Data block:
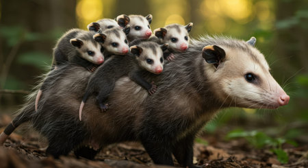 Opossum family in the forest with setting sun shining. Group of wild animals in nature.
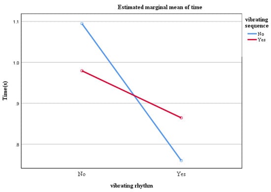Following the scenario design in the methodology in Section 2, the presence and absence of vibration rhythm and the presence and absence of vibration sequence were used as statistical elements to distinguish the four scenarios, i.e., scenario 1 was no rhythm and no sequence, scenario 2 was rhythm and no sequence, scenario 3 was no rhythm and sequence, and scenario 4 was rhythm and sequence, provided that the vibration location was always present. For the presence and absence of rhythm and the presence and absence of sequence, a between-subjects two-factor ANOVA was performed on the temporal data for each scenario: where the dependent variable was response time, and the independent variables were vibration rhythm (presence and absence) and vibration sequence (presence and absence). The results showed that the main effect of vibration rhythm was significant, F(1,140) = 406.19, p = 0.00 < 0.05,, according to the evaluation criteria given by Cohen [], the effect value is large where the reaction time of the cueing scheme with vibrational rhythms involved was significantly smaller than that without rhythms. The main effect of vibrational sequence is not significant, F(1,140) = 0.24, p = 0.628 > 0.05,, the effect value is small. The response time with the vibration sequence cue was slightly smaller than that without the cue but the difference was not significant. The interaction of rhythm and sequence is significant, F(1,20) = 96.96, p = 0.00 < 0.05,, the effect value is large. For the overall cue, the vibration rhythm can improve the response efficiency with or without the vibration sequence, but the improvement effect is better when there is no sequence; while in the premise of the vibration rhythm, adding the vibration sequence cue will reduce the response efficiency, which reflects that too many tactile cue elements will cause redundancy to human cognition as shown in Figure 18.
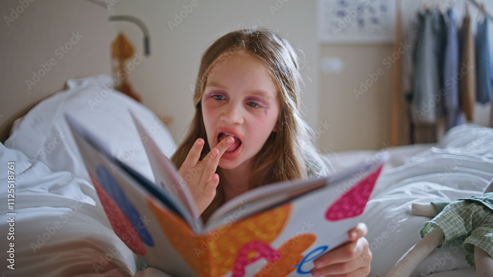 Makeup child reading fairytale relaxing on blanket closeup. Small kid lying

Task instructions: The required output is every line of the data above, set down exactly and stripped of pictures.

Solution to this exercise:
 Opossum family in the forest with setting sun shining. Group of wild animals in nature.
Following the scenario design in the methodology in Section 2, the presence and absence of vibration rhythm and the presence and absence of vibration sequence were used as statistical elements to distinguish the four scenarios, i.e., scenario 1 was no rhythm and no sequence, scenario 2 was rhythm and no sequence, scenario 3 was no rhythm and sequence, and scenario 4 was rhythm and sequence, provided that the vibration location was always present. For the presence and absence of rhythm and the presence and absence of sequence, a between-subjects two-factor ANOVA was performed on the temporal data for each scenario: where the dependent variable was response time, and the independent variables were vibration rhythm (presence and absence) and vibration sequence (presence and absence). The results showed that the main effect of vibration rhythm was significant, F(1,140) = 406.19, p = 0.00 < 0.05,, according to the evaluation criteria given by Cohen [], the effect value is large where the reaction time of the cueing scheme with vibrational rhythms involved was significantly smaller than that without rhythms. The main effect of vibrational sequence is not significant, F(1,140) = 0.24, p = 0.628 > 0.05,, the effect value is small. The response time with the vibration sequence cue was slightly smaller than that without the cue but the difference was not significant. The interaction of rhythm and sequence is significant, F(1,20) = 96.96, p = 0.00 < 0.05,, the effect value is large. For the overall cue, the vibration rhythm can improve the response efficiency with or without the vibration sequence, but the improvement effect is better when there is no sequence; while in the premise of the vibration rhythm, adding the vibration sequence cue will reduce the response efficiency, which reflects that too many tactile cue elements will cause redundancy to human cognition as shown in Figure 18.
 Makeup child reading fairytale relaxing on blanket closeup. Small kid lying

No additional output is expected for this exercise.